2 minute read

The Possible Languages Of Cinema”

Pengantar Keynote Speech Forum Festival 2021: “Twilight Zone”

Keadaan gelap gulita seringkali disisipkan untuk menjadi transisi antaradegan baik pada sinema maupun pada teater. Dalam ranah keduanya, baik berupa blackout pada teater maupun berupa layar hitam pada sinema, ini dipakai dengan tujuan untuk mengarahkan emosi penonton, atau mempersiapkan kepala penonton untuk adegan setelahnya. Keadaan gelap tidak serta-merta mengeluarkan penonton dari ruang naratif dunia sinema di layar, tapi justru membawa penonton masuk ke ruang yang tidak nampak isinya. Lantas, apakah kemudian ketidaktampakan berarti bahwa sesuatu itu tidak ada? Padahal, dalam teater misalnya, dalam gelap terjadi pemindahan properti dan pergantian kostum oleh aktor. Ketidaktampakan bukan berarti sesuatu tersebut tidak hadir, melainkan ia adalah kehadiran akan sesuatu yang tidak mencapai retina mata kita. Akan tetapi, kehadiran akan sesuatu itu kemudian hanya diakui pada premis tertentu: pada kenyataan yang ada di panggung, atau pada kenyataan yang “seharusnya” berada di luar panggung. Lantas, tanpa membedakan premis mana yang mengakui kehadiran akan sesuatu itu, pertanyaannya sekarang: Ada apa di sana? Apa yang terjadi di kegelapan?

Advertisement

Dalam pengantar tema festival pada ARKIPEL 2020 “Twilight Zone” dikatakan bahwa zona temaram, suatu zona transisi terang dan gelap, adalah “zona pembesaran yang memungkinkan indera kita membingkai dengan kepekaan”. Sehingga kemungkinan itu menghasilkan adanya citra-citra yang “...mengaburkan sekaligus memperjelas lihatan yang telah ditentukan sebelumnya. Membuat kita perlu membongkar lagi, dengan berbekal pertanyaan, yang manakah yang sesungguhnya; yang ada di layar di hadapan mata atau yang ada di hadapan lensa? Maka, dalam zona temaram, hubungan antara mata, lensa, dan layar senantiasa adalah hubungan yang memuslihatkan.”

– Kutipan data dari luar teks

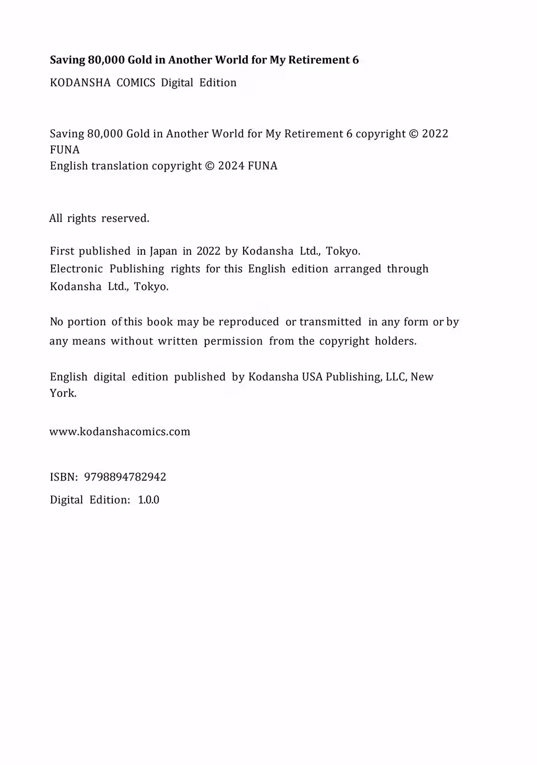 This is volume six of Saving 80,000 Gold in Another World for My Retirement.

Setelah selama setahun membicarakan zona yang temaram, akan tepat bagi Forum Festival ARKIPEL 2021 untuk membicarakan apa yang terjadi pada zona tersebut. Mungkin, pada zona tersebut terjadi masa inkubasi. “Inkubasi” adalah kata-kata yang sering sekali didengar di masa pandemi ini, yang artinya adalah selang waktu yang menjadi penentu apakah sesuatu akan berlipat ganda dan menyerang, ataukah ia akan mati. Pada masa inkubasi, terjadi kemungkinankemungkinan pada substrat yang berada dalam ruang gelap, yang tidak akan terjadi pada ruang yang disinari cahaya matahari. Untuk itu, Forum Festival tahun ini akan membicarakan soal apa yang muncul (emerge) dari sebuah krisis atau keadaan darurat (emergency). Ia bisa berupa estetika bahasa sinema. Estetika itu sendiri juga berkaitan erat dengan cara menonton hari ini, dan oleh karena itu juga berkaitan dengan teknologinya. Walaupun teknologi internet telah marak digunakan sejak awal 2000-an, pandemi membuat teknologi berkembang semakin pesat dan penggunaannya semakin marak dan masif digunakan sehingga turut memberikan kontribusi besar kepada perubahan cara menonton sekarang, dan juga perubahan cara manusia menjalani hidupnya.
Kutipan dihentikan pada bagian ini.